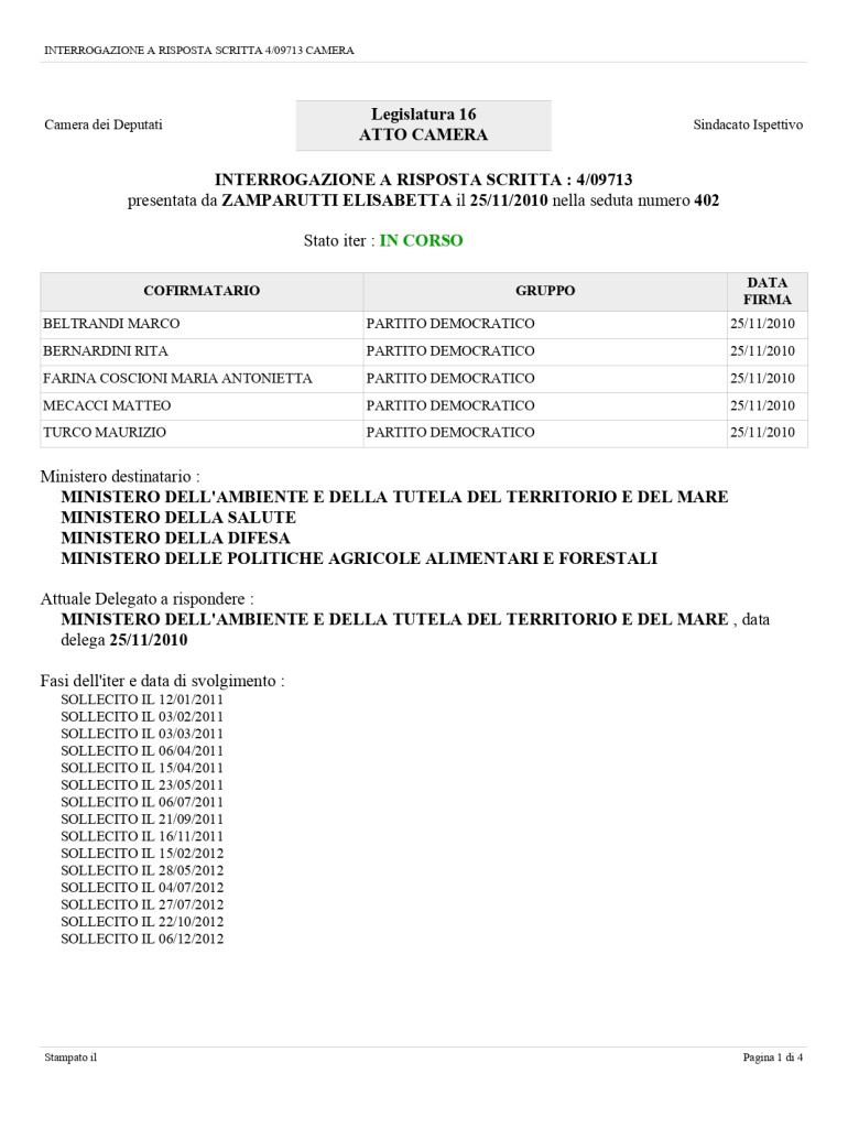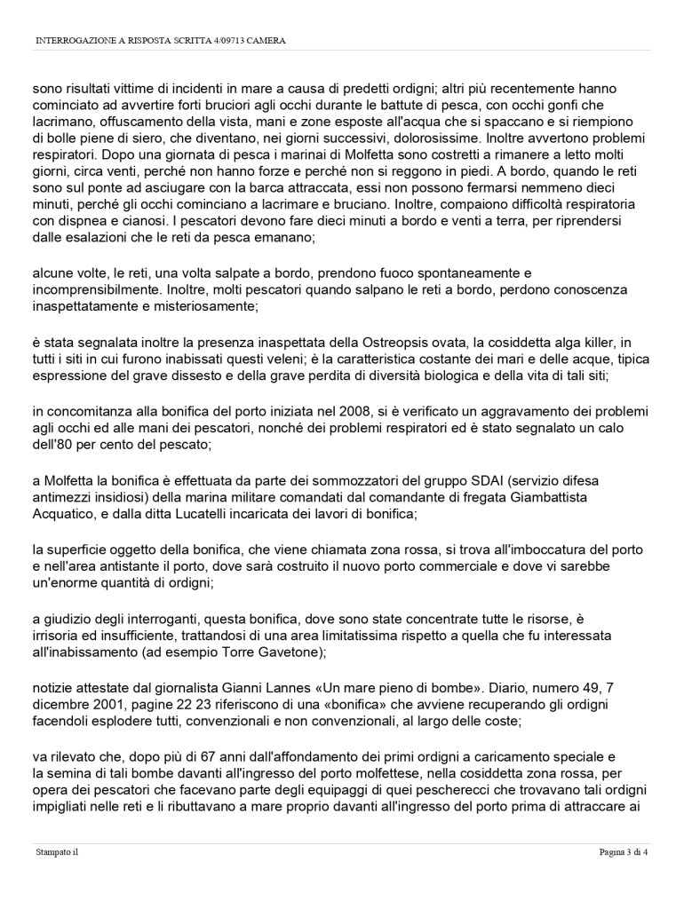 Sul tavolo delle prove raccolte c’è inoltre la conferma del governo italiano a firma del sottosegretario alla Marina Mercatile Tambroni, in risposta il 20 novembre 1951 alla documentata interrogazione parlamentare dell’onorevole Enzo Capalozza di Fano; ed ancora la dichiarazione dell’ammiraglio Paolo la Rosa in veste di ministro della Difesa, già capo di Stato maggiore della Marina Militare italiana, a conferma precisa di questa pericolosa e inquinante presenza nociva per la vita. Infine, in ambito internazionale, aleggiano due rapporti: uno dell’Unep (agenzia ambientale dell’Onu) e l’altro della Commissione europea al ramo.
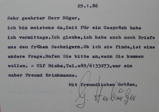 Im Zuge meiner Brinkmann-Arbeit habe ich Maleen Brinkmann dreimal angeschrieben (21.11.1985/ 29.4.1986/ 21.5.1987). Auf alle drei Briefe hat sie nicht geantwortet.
...
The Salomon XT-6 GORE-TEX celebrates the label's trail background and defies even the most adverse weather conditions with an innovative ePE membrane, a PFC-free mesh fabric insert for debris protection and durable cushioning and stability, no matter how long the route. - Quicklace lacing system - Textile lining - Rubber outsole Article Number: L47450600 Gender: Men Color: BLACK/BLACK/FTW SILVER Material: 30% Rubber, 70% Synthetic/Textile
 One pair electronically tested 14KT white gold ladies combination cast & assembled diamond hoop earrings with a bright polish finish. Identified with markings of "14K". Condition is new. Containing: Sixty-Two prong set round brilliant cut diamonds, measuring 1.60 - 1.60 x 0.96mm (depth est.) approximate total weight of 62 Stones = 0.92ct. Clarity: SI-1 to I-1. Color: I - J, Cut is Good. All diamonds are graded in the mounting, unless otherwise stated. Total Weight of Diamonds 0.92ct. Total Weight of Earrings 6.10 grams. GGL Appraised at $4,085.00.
...
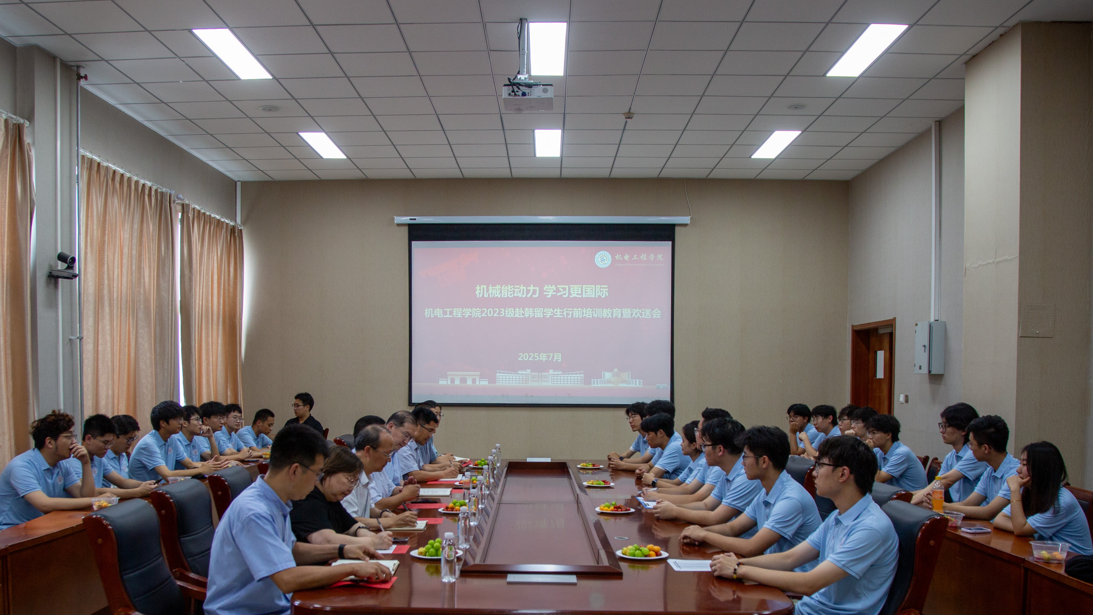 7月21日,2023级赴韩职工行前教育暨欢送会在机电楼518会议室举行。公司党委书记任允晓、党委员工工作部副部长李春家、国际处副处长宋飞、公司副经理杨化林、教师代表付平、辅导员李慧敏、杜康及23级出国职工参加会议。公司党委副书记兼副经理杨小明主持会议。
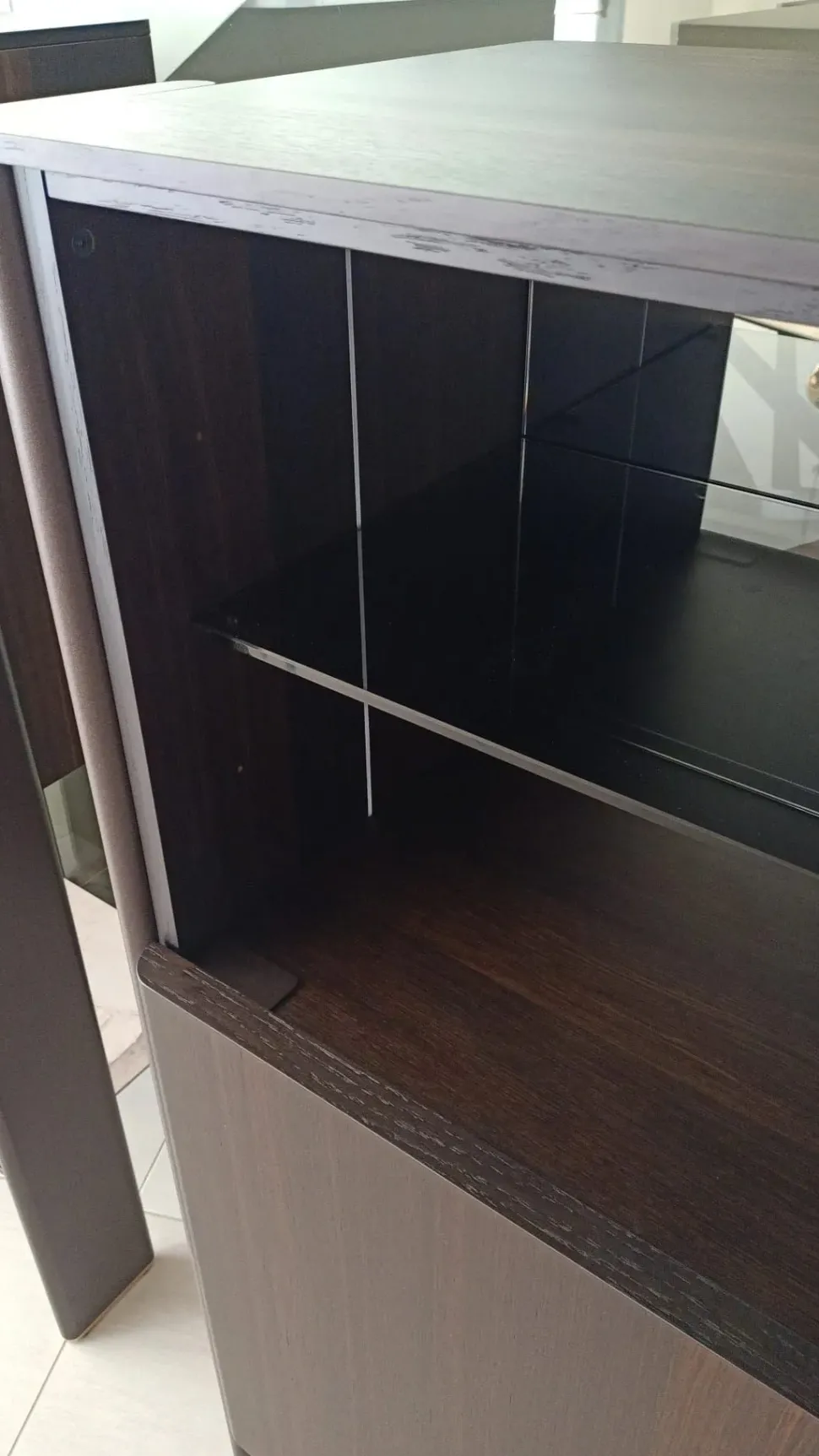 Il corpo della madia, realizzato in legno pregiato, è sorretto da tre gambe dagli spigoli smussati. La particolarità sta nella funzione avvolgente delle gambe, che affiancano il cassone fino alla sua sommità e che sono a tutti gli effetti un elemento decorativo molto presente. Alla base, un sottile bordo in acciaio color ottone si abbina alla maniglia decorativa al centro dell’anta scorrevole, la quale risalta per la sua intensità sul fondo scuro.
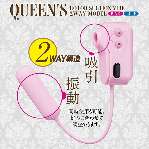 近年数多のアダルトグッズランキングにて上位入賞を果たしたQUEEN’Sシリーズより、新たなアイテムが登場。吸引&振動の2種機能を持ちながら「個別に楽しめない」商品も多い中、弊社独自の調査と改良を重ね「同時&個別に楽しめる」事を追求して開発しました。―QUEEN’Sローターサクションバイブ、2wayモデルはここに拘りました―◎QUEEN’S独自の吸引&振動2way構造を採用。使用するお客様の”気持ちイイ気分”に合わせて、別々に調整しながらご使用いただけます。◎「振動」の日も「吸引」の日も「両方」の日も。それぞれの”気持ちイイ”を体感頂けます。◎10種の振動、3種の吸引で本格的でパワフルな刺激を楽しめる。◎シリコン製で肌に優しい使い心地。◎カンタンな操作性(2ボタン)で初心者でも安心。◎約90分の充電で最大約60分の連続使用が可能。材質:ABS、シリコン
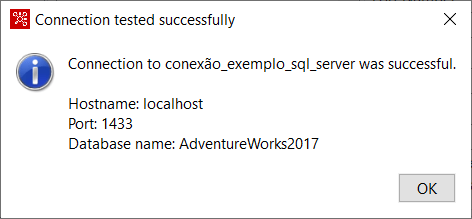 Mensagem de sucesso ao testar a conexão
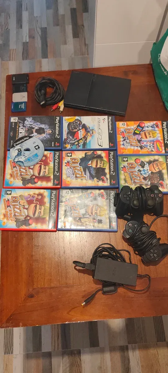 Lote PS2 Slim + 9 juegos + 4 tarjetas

Task objective >> Give again, exactly as written above, every line from the one holding "Sul tavolo delle" to the one holding "Im Zuge meiner", with both ends kept and the pictures left out.

Answer space >>
 Sul tavolo delle prove raccolte c’è inoltre la conferma del governo italiano a firma del sottosegretario alla Marina Mercatile Tambroni, in risposta il 20 novembre 1951 alla documentata interrogazione parlamentare dell’onorevole Enzo Capalozza di Fano; ed ancora la dichiarazione dell’ammiraglio Paolo la Rosa in veste di ministro della Difesa, già capo di Stato maggiore della Marina Militare italiana, a conferma precisa di questa pericolosa e inquinante presenza nociva per la vita. Infine, in ambito internazionale, aleggiano due rapporti: uno dell’Unep (agenzia ambientale dell’Onu) e l’altro della Commissione europea al ramo.
 Im Zuge meiner Brinkmann-Arbeit habe ich Maleen Brinkmann dreimal angeschrieben (21.11.1985/ 29.4.1986/ 21.5.1987). Auf alle drei Briefe hat sie nicht geantwortet.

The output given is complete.